Sunset Arch, Grand Staircase-Escalante National Monument, Utah
Sunset Arch, Grand Staircase-Escalante National Monument, Utah

I did pull out the telephoto lens and made an image of the mountains to the south as the sun dropped.

Sunset, Hole-in-the-Rock Road, Grand Staircase-Escalante National Monument, Utah

When I felt that I had done what I could with the arch at sunset, I walked around to the other side of the feature, just to see what it looked like. It didn’t seem as photogenic to me on that side, but as the sky to the west lit up, my opinion changed. I yelled to Jason, who was still on the other side, that he might want to head to the side where I was now set up.

Sunset Arch, Grand Staircase-Escalante National Monument, Utah
Sunset Arch, Grand Staircase-Escalante National Monument, Utah

We were thrilled with the unexpected bonus in the form of a true sunset shot series at Sunset Arch. When the light in the sky faded–it lasted for awhile–we packed up our things and began the trek back to the car. It was now quite dark, but I was prepared, both with my headlamp and the GPS. Everything seemed fine until, almost a mile into our return hike–by now it was pitch dark–we found ourselves staring at a fence. We must have drifted slightly off course and found ourselves behind some kind of cattle enclosure. We tried to hike around it but, after several minutes of frustration (unable to find the end or a break in the fence), we decided to simply go over the structure. This was a bit tricky because there was barbed wire involved, but we managed to make it work (by lowering our gear over the fence and then carefully climbing up on a fence post and jumping the wire. From there it was a short hike back to the vehicle and, as we were now used to setting the tent up in the dark, it wasn’t long before we were ready to hit the sack and get ready for a truly remarkable experience–our all-day trek into, through and out of Coyote Gulch.

Posted by: kerryl29 | August 16, 2021

The Desert Southwest: Willow Gulch

It was quite late in the afternoon when we wrapped up at the Clay Beds and transitioned from the Vermillion Cliffs area to Escalante, Utah, which would be our base for the next few days.

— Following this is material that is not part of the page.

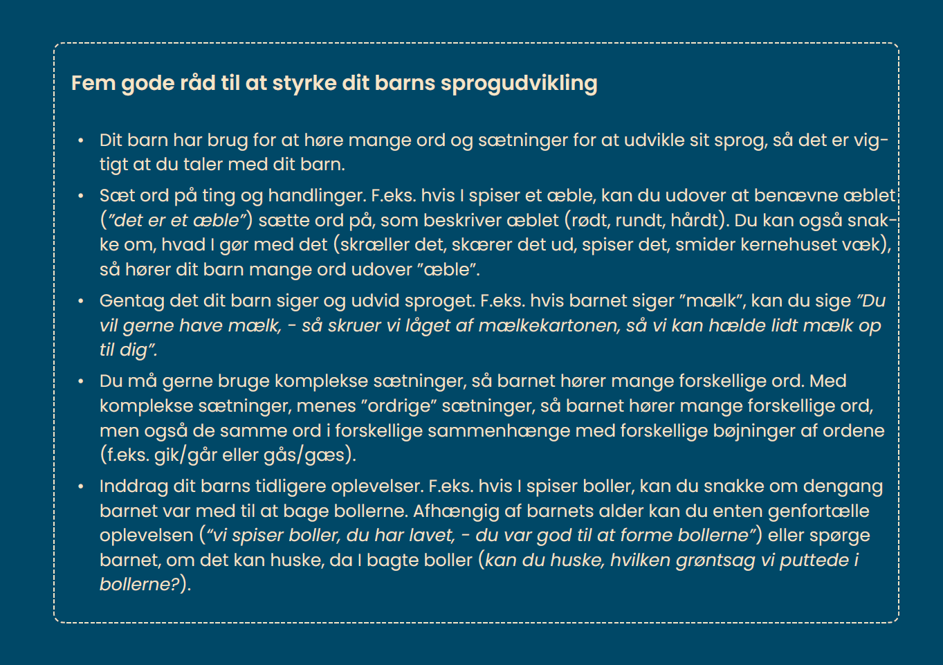 - forslag til lege og aktiviteter, som passer til den udvikling, hos barnet, du læser om.

It was after dark when we reached Escalante and, after a few false starts trying to find a camping spot, we ended up at a dispersed camping area not far down Hole-in-the-Rock Road. It was quite late, and the forecast was for a clear morning (which turned out to be correct), so given the less than brilliant conditions and the inability to scout anywhere in advance, we gave ourselves a break and didn’t get up until after sunrise.

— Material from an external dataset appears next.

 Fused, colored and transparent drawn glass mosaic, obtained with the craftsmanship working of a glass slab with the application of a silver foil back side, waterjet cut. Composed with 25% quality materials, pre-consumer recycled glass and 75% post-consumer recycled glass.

The plan for the day was to visit Willow Gulch, a location neither of us had ever visited, located near the southern end of the road, more than 40 miles south of Escalante. Hole-in-the-Rock isn’t paved but is in pretty decent shape. It has a bit of a “washboard” feel to it, but most sections are viable for any vehicle. Still, high speeds are not advisable, unless you want a flat tire, so it took us a fair bit of time to get to the turnoff for Willow Gulch, a journey that was marked by a false turn or two.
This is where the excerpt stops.